Consider as an example the top plot in Figure 10. We have two periodic signals. They don't have quite the same amplitude, and there are some higher harmonics on each, but they have the same fundamental period. Let's say that we want to line them up so that they are in phase with each other. How would we do that?

You could try to just plot the signals with various time lags (e.g. plot(t,sig1,t+delta,sig2)). By trial and error you could eventually determine what value of delta is ``the best''. But that may take awhile. A better answer is to use cross-correlation, which will basically try every single possible time shift for you, and let you know which one makes the peaks and valleys line up the best. The middle plot shows the result of the xcorr() function. The x-axis is a time lag by which one signal is shifted, and the y-axis is the correlation between them at that shift. The highest correlation is obtained at a shift of 0.25s. In the bottom plot, the green line is shifted forward by 0.25s.

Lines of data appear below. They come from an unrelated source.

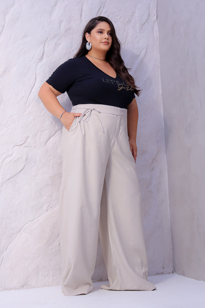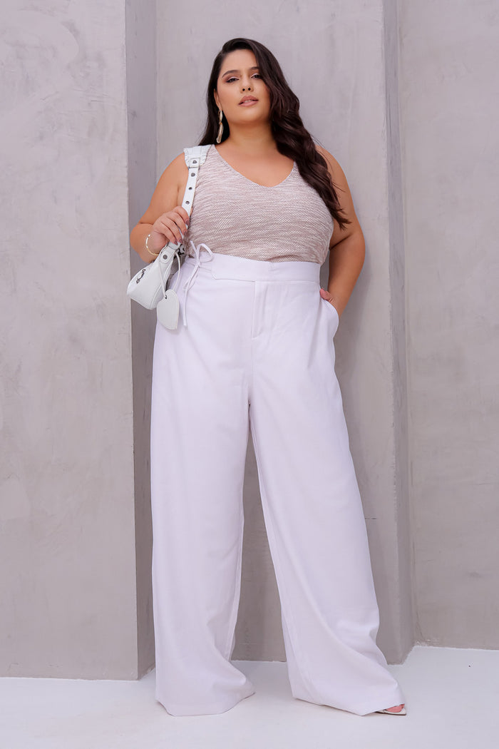 Calça de linho sofisticada, com botão interno, zíper de nylon e cós ajustável com elástico na parte traseira. Possui detalhe de amarração lateral para um toque de estilo e modernidade...Ler
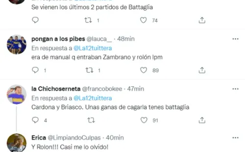 Una vez conocida la formación que paró Battaglia durante este jueves, los hinchas no se lo tomaron de la mejor manera. Inclusiones como las de Esteban Rolón, Frank Fabra y Norberto Briasco, entre otras, generaron la disconformidad en los fieles del Xeneize a 2 días del cruce contra Gimnasia.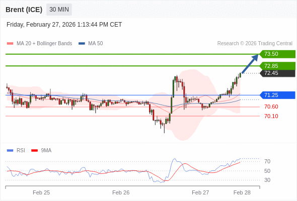 在 71.25 之上,看涨,目标价位为 72.85 ,然后为 73.50 。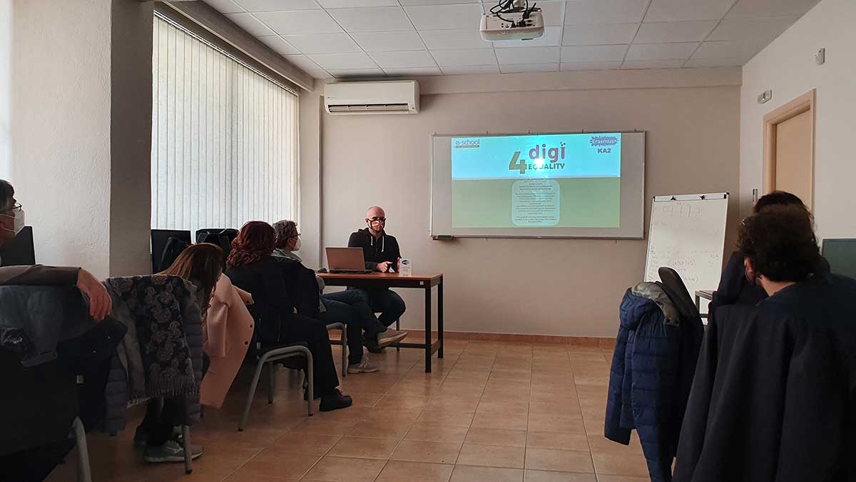 On October 29, 2021 the Digi4Equality project was promoted to teachers from the school “EINSTEIN – DE LORENZO” located in Potenza, Italy, who attended a Game Based Learning training course at E-SCHOOLs’ premises in the framework of Erasmus+ programme (for teacher mobility under KA1).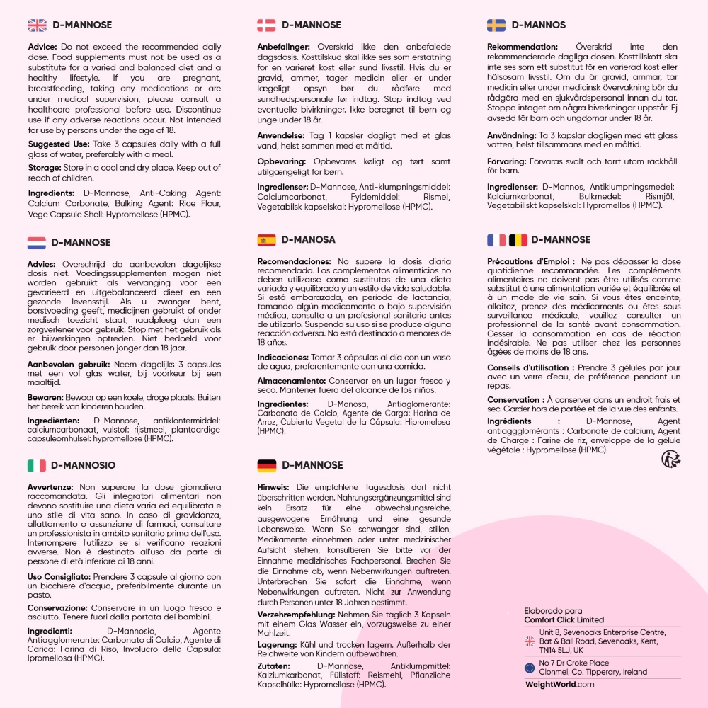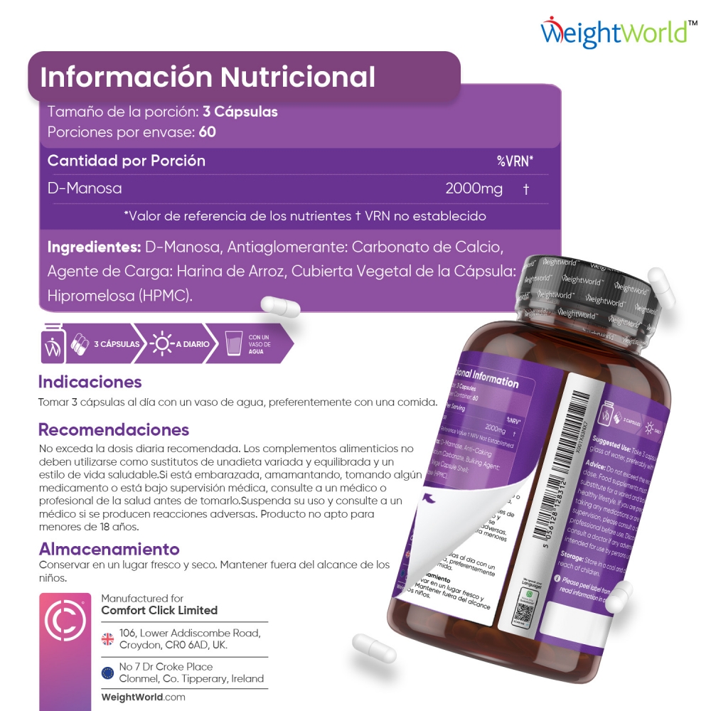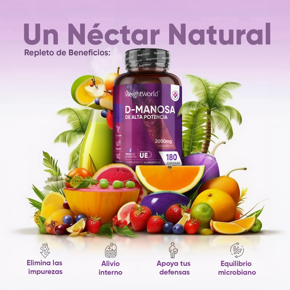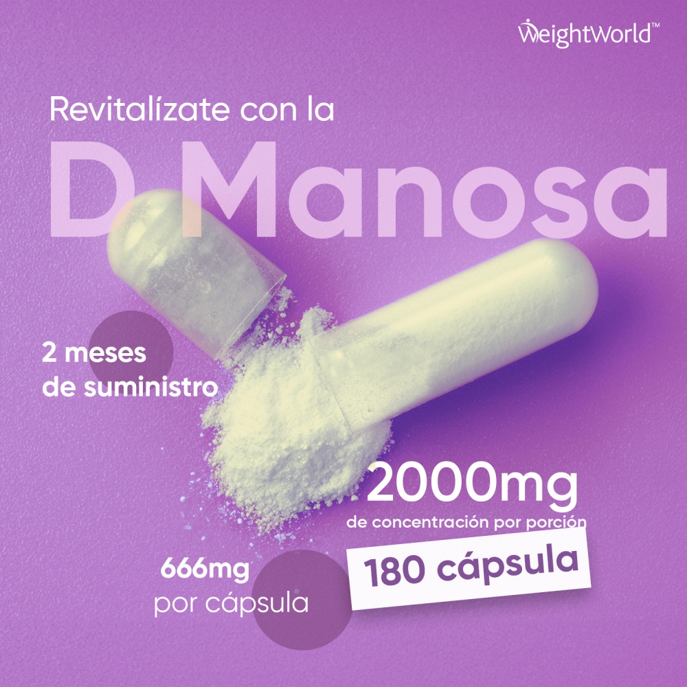 - Potente dosis de 2000 mg de D-Manosa por porción (3 cápsulas)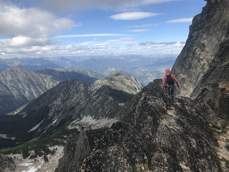 From the top as you continue on the ridge through a blocky low fifth you will see red slings for rappel below you. The terrain is quite easy to downclimb but its definitely a no fall or slip zone. One 30m rappel gets you to an easy but exposed downclimb to another rappel station; 20m more and you’re back on the ground.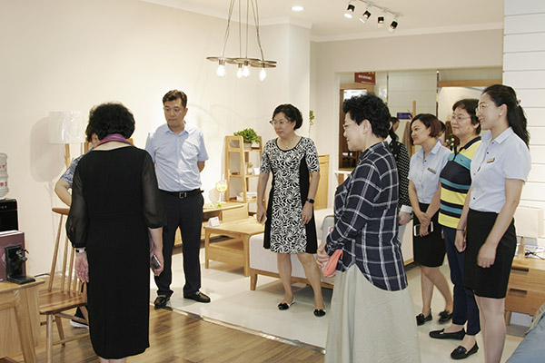 總經(jīng)理?xiàng)钹愅夼c女企業(yè)家們走進(jìn)藍(lán)天商貿(mào)辦公室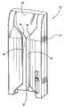 More specifically, the plurality ofapplicator segments242 may include aninterior channel243 having a substantially concave, transverse cross-sectional configuration, wherein theinterior channel243 extends along the length of theapplicator segments242 from a front or free end thereof to the exposed surface of thebase260. Moreover, the inclined, angular orientations of the plurality ofapplicator segments242 along with the provision of the concaveinterior recesses243, will serve to provide a cleaning action on the engaged portions of thehead portion14 and also have a tendency to at least partially remove excess fluid and unwanted remnants from thehead portion14, by directing such remnants away from the engaged surfaces of thehead portion14. As a result, the engaged portions of thehead portion14 will be cleaned and free of unwanted remnants. In order to provide an appropriate an intended cleaning action on thehead portion14, the plurality ofapplicator segments242 are formed of a flexible, resilient material which facilitates an at least minimal conforming of each of theapplicator segments242 to the surfaces of thehead portion14 which are engaged thereby. However, the plurality ofapplicator segments242 may have at least a minimal amount of semi-rigid characteristics to be “shape stable”. As such theapplicator segments242 are able to assume their intended position, orientation and configuration as clearly represented inFIGS. 15 and 16 after engaging and performing a cleaning action on thehead portion14 as it moves along the path oftravel30,31 on the interior of the housing orcasing12 and along the length of thecartridge200.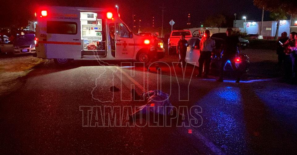 Conductor omite alto y embiste a moto en Ciudad Victoria; dos lesionados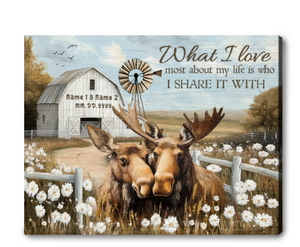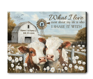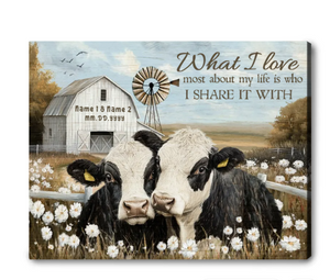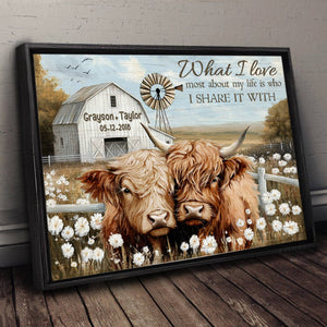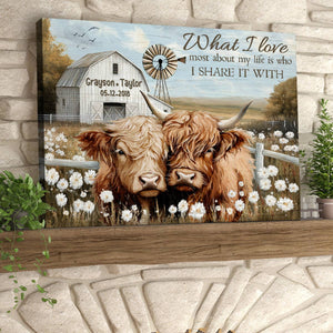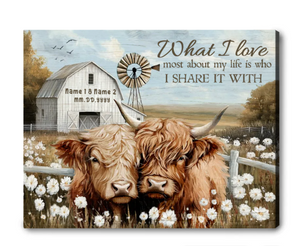 Farmhouse Highland Cow Custom Couple Canvas Wall Art, Wedding Anniversary Gifts

This lines the graphs up perfectly. The code used to generate the graph is below. Note that we are finding the maximum value of the correlation and computing the necessary phase shift automatically.

Note: there's a fairly confusing point here regarding the difference between correlation and convolution. The two operations are very similar. In both cases, one vector shifts or slides along another vector. The difference is that in convolution, one vector is time reversed first. This movie illustrates it fairly well https://www.youtube.com/watch?v=Ma0YONjMZLIhttps://www.youtube.com/watch?v=Ma0YONjMZLI. In matlab terms, conv(sig1, sig2) = xcorr( sig1, sig2(end:-1:1)). Convolution is pretty useful in vibration analysis and signal processing. However, for the purpose of this section, lining up two periodic signals, correlation is the one we want.

Fs = 100;
t = 0:(1/Fs):10;
f = 1;
%
sig1 = 1.0 * sin(2 * pi * f * t) + 0.15 * sin(2 * pi * 4 * f *t);
sig2 = 1.2 * sin(2 * pi * f * t + pi/2) + 0.15 * sin(2 * pi * 3 * f *t);
%
figure;
subplot(3,1,1);
plot(t, sig1, t, sig2);
xlabel('time(s)');
%
x = xcorr( sig1, sig2, 'coeff');
tx = linspace( -t(end), t(end), 2*length(t) -1);
%
subplot(3,1,2); 
plot(tx, x);
xlim([-4 4])
xlabel('time(s)');
[foo, ndx] = max( x);
%
%
subplot(3,1,3); 
plot(t, sig1, t+tx(ndx), sig2)
xlim([0 10])
xlabel('time(s)');

Figure 10:
Image xcorr_ex

Now, for practical implementation, here is a second example in Figure 11. A code snippet is shown below. The plotting code is mostly the same so it's not repeated. We can see in the top figure that it's essentially the same situation, two periodic signals with a phase shift. The main difference is that the frequency is now 20 Hz instead of 1 Hz. The sampling rate is still 100 Hz. But now, looking at the bottom our code fails to line the time signal up automatically, like it did before. Why did it fail in this case? The answer lies in the middle figure, which is the correlation coefficient. It's been zoomed in so you can see it. The sample rate is 100 Hz and the signal's frequency is 20 Hz. This means that there are only 5 points per cycle. The minimum possible time lag that xcorr can compute is a single sample. In other words, the minimum possible lag that can be computed is 1/5 of a cycle. So our simple code cannot line up the sine waves any closer than 1/5 of a cycle.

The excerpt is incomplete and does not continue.